Memory allocation on GPU for dynamic array of structs
Asked Answered
H

2

3

I have problem with passing array of struct to gpu kernel. I based on this topic - cudaMemcpy segmentation fault and I wrote sth like this:

#include <stdio.h>
#include <stdlib.h>

struct Test {
    char *array;
};

__global__ void kernel(Test *dev_test) {
    for(int i=0; i < 5; i++) {
        printf("Kernel[0][i]: %c \n", dev_test[0].array[i]);
    }
}

int main(void) {

    int n = 4, size = 5;
    Test *dev_test, *test;

    test = (Test*)malloc(sizeof(Test)*n);
    for(int i = 0; i < n; i++)
        test[i].array = (char*)malloc(size * sizeof(char));

    for(int i=0; i < n; i++) {
        char temp[] = { 'a', 'b', 'c', 'd' , 'e' };
        memcpy(test[i].array, temp, size * sizeof(char));
    }

    cudaMalloc((void**)&dev_test, n * sizeof(Test));
    cudaMemcpy(dev_test, test, n * sizeof(Test), cudaMemcpyHostToDevice);
    for(int i=0; i < n; i++) {
        cudaMalloc((void**)&(test[i].array), size * sizeof(char));
        cudaMemcpy(&(dev_test[i].array), &(test[i].array), size * sizeof(char), cudaMemcpyHostToDevice);
    }

    kernel<<<1, 1>>>(dev_test);
    cudaDeviceSynchronize();

    //  memory free
    return 0;
}

There is no error, but displayed values in kernel are incorrect.

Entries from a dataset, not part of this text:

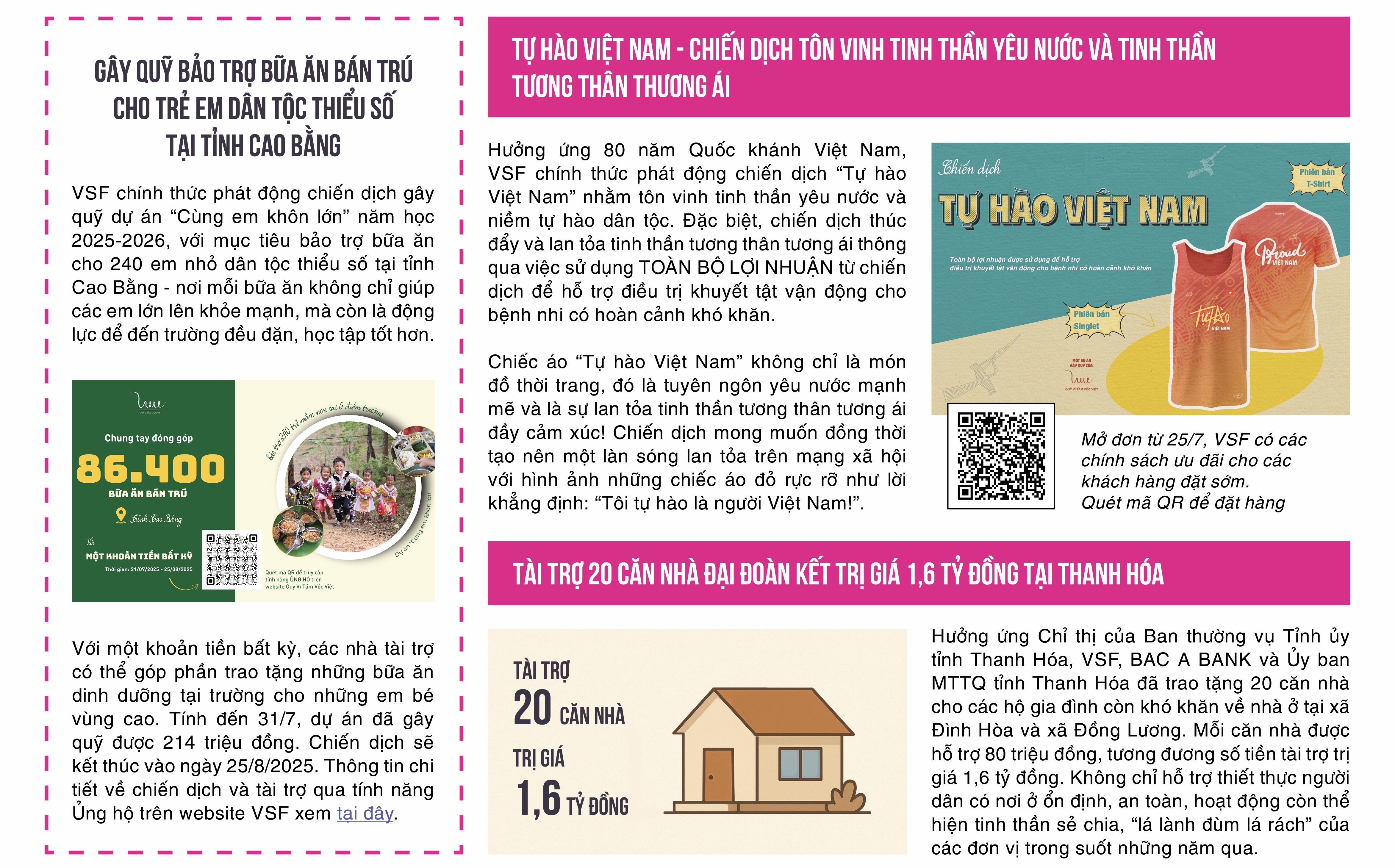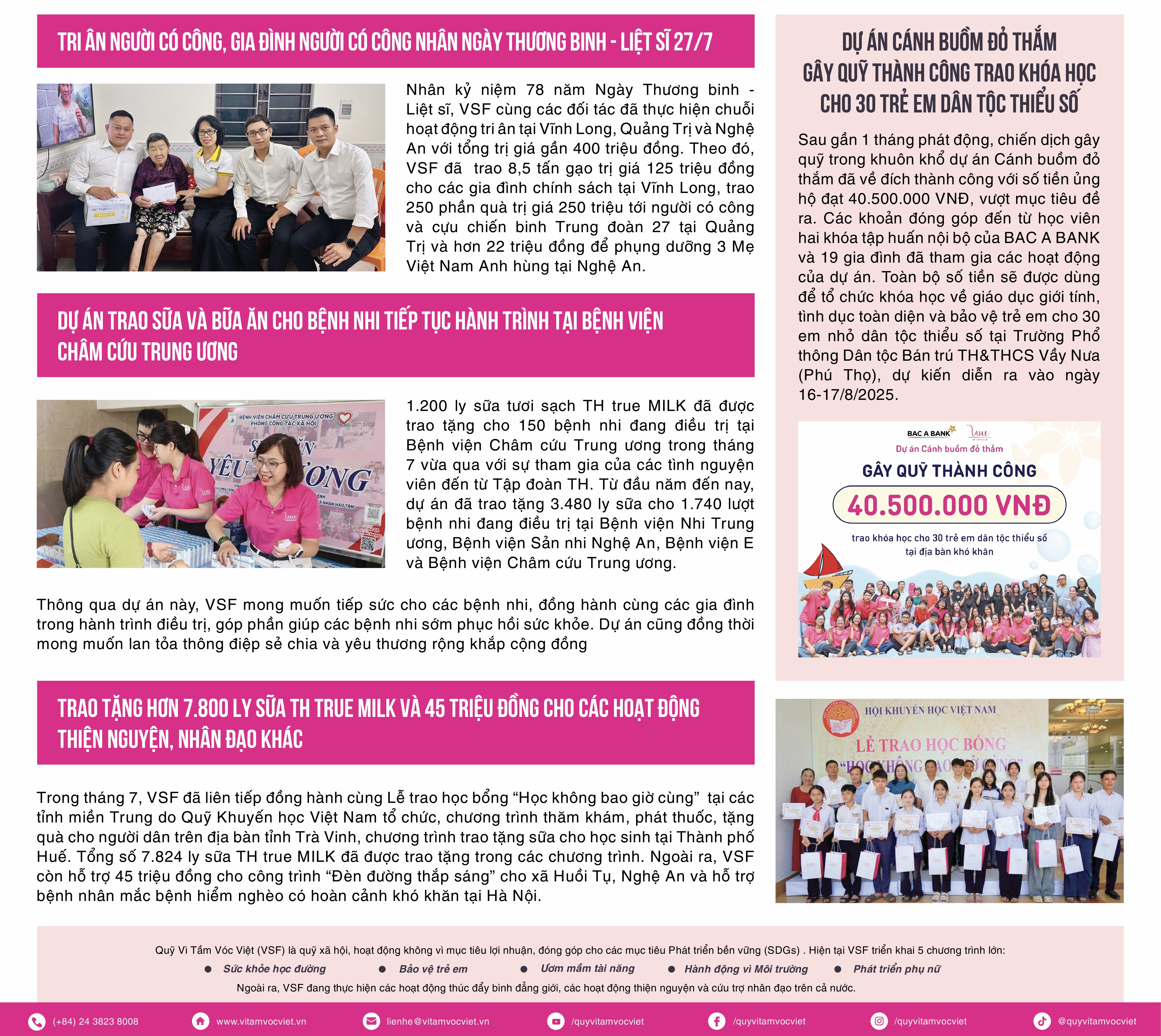 Bên cạnh đó, VSF và các đối tác trao 20 căn nhà đại đoàn kết tại Thanh Hóa, tổ chức chuỗi hoạt động tri ân người có công tại 3 tỉnh với tổng trị giá gần 400 triệu đồng, và tiếp tục hành trình trao sữa, suất ăn, học bổng, hỗ trợ y tế cho trẻ em và người dân có hoàn cảnh khó khăn tại nhiều địa phương.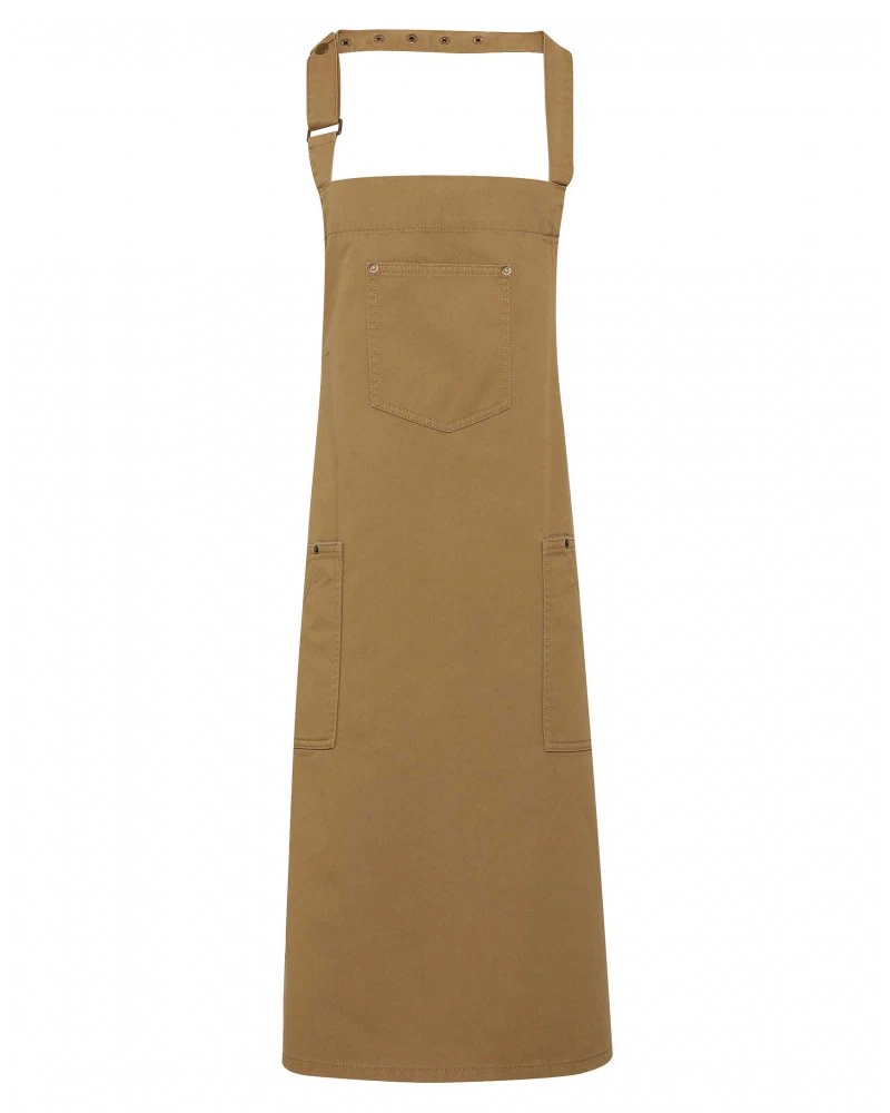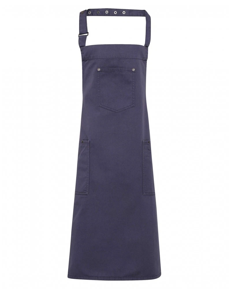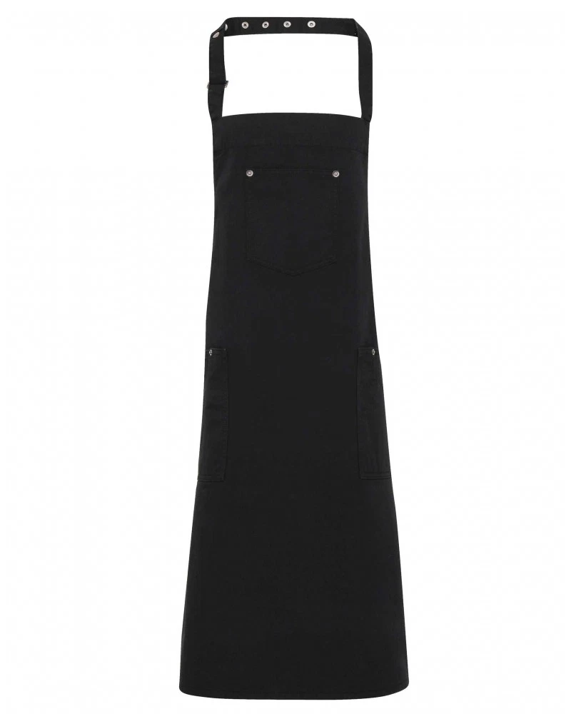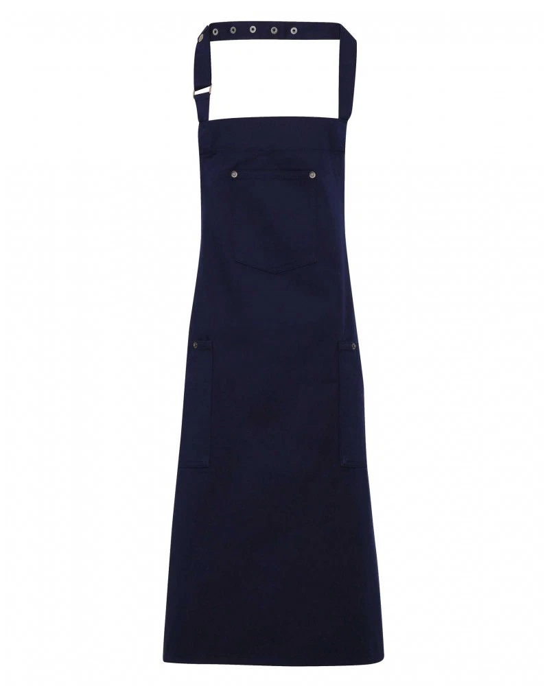 Detta snygga förklädet är utformat med en klassisk chino-stil accenter för en cool och edgy enhetlig lösning för barer och resturanger. Det finns tre funktionella fickor för design och användarvänlighet. Förklädet har ett justerbart spänne i nacken så att man kan justera höjden på förklädet. Det finns i en one size modell.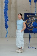 Wie sehr es zur Ausstellung passte: Auf den Stufen vor der Kunsthalle faltete Nomin Bold mit ihrem...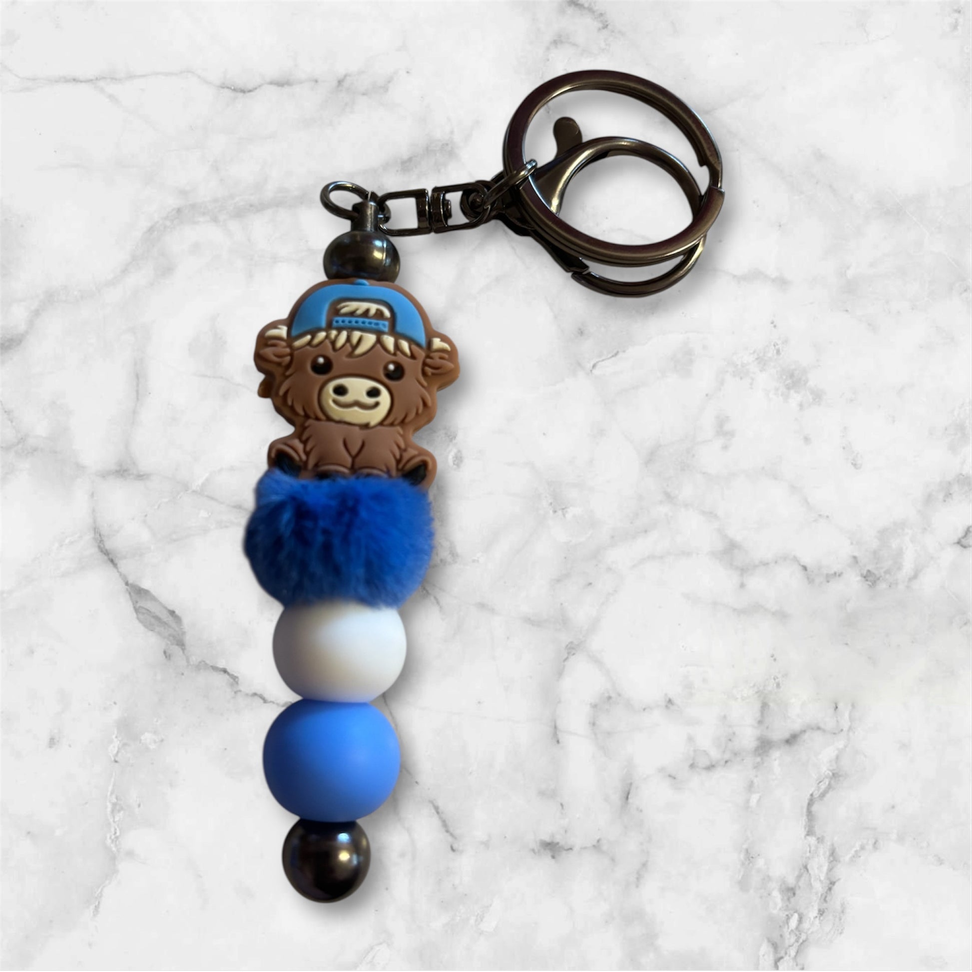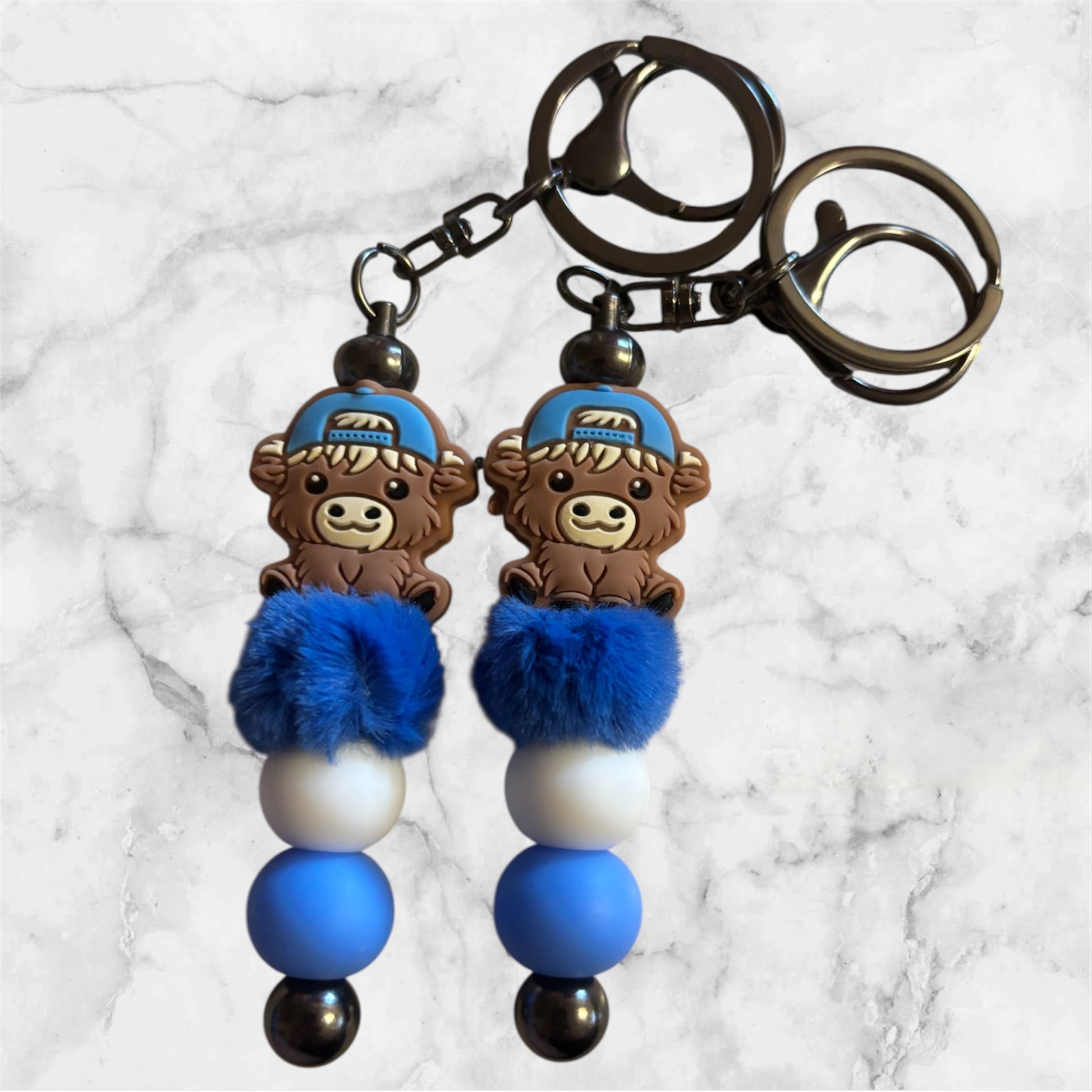 💙🐮Add some country charm to your everyday with this adorable Highland cow keyring! Featuring a cheeky cow in a blue cap, fluffy pom pom, and soft silicone beads in matching blue and white tones, it’s the perfect mix of fun, cute, and practical. Clip it to your keys or bag for a pop of personality wherever you go!🐮💙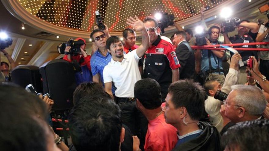 El ocho veces campeón del mundo, Manny “Pacman” Pacquiao ya está en Las Vegas para su esperado combate revancha ante el doble monarca invicto Timothy Bradley que se realizará este sábado 12 de abril en la Arena Grand Garden del Hotel MGM de Las Vegas. “Estoy muy emocionado de regresar a Las Vegas. No peleó aquí desde diciembre del 2012 y ya extrañaba mucho este ambiente”, dijo Pacquiao a su llegada oficial hoy en el MGM en donde hubo mucha gente y un grupo muy grande de prensa. Pacquiao buscará recuperar el campeonato mundial de peso welter de la Organización Mundial de Boxeo (OMB) ante Bradley, quien le arrebató el título mundial al astro filipino en un controversial fallo el 12 de junio del 2012 en el mismo escenario. “La primera pelea ya es parte del pasado. Lo que importa es este sábado y voy a recuperar mi campeonato mundial a como dé lugar”, dijo Pacquiao, quien termino su preparación este lunes en el Wild Card Boxing Club de Hollywood, bajo la tutela de Freddie Roach. Después de sus dos derrotas en el 2012, la única pelea de Pacquiao la realizó en noviembre del 2013 en Macao, China ante Brandon Ríos, a quien derroto fácilmente por decisión unánime. “La pelea en Macao fue una grata experiencia y si la disfrute mucho, pero no hay como una pelea importante en Las Vegas y todo el entusiasmo que hay en esta ciudad”, dijo Pacquiao. El astro filipino reconoce que esta derrota es una pelea muy importante para su carrera, pues aun no ha demostrado totalmente que está de regreso al nivel de antes de sus derrotas. “Esperado darle una gran pelea a mis seguidores y darle una gran satisfacción a todos mis compatriotas filipinos logrado el triunfo este sábado”, dijo Pacquiao. Bradley, llegara por la noche a Las Vegas, después de unas presentaciones promocionales en Los Ángeles, incluyendo una visita al Juego de los Lakers de Los Angeles en el Staples Center. La última conferencia de prensa será hoy a las 12:30 del mediodía en el Hollywood Theater del MGN Grand de Las Vegas.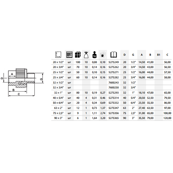 | Розмір підключення | 40x1 1/4 мм/дюйм |

What I'm doing wrong? Thank in advance for any help.

Hedwig answered 6/5, 2015 at 16:55 Comment(4)
Why is it cudaMalloc((void**)&(test[i].array), size * sizeof(char)); and not cudaMalloc((void**)&(dev_test[i].array), size * sizeof(char)); ? Also, it should be cudaMemcpy(dev_test[i].array, test[i].array, size * sizeof(char), cudaMemcpyHostToDevice);.Annabelle
@francis, it doesn't works (Segmentation fault (core dumped)). On gpu we can't allocate memory in standard way.Hedwig
Additional friendly advice : do not pick code from a question except if you have understood the problem faced by the asker...Sorry if my suggestion didn't work. My suggestion was to allocate memory for dev_test[i].array, not for test[i].array which is already allocated on the CPU by test[i].array = (char*)malloc(size * sizeof(char));.Annabelle
@francis, ok no problem. Yes test[i].array is already allocated but only on CPU, no on GPU. We can't allocate memory for dev_test[i].array, because this memory is only visible from device. At least I understand it so.Hedwig
W
11
  1. This is allocating a new pointer to host memory:

     test[i].array = (char*)malloc(size * sizeof(char));
    
  2. This is copying data to that region in host memory:

     memcpy(test[i].array, temp, size * sizeof(char));
    
  3. This is overwriting the previously allocated pointer to host memory (from step 1 above) with a new pointer to device memory:

     cudaMalloc((void**)&(test[i].array), size * sizeof(char));
    

After step 3, the data you set up in step 2 is entirely lost, and no longer accessible in any fashion. Referring to steps 3 and 4 in the question/answer you linked:

3.Create a separate int pointer on the host, let's call it myhostptr

4.cudaMalloc int storage on the device for myhostptr

You haven't done this. You did not create a separate pointer. You reused (erased, overwrote) an existing pointer, which was pointing to data you cared about on the host. This question/answer, also linked from the answer you linked, gives almost exactly the steps you need to follow, in code.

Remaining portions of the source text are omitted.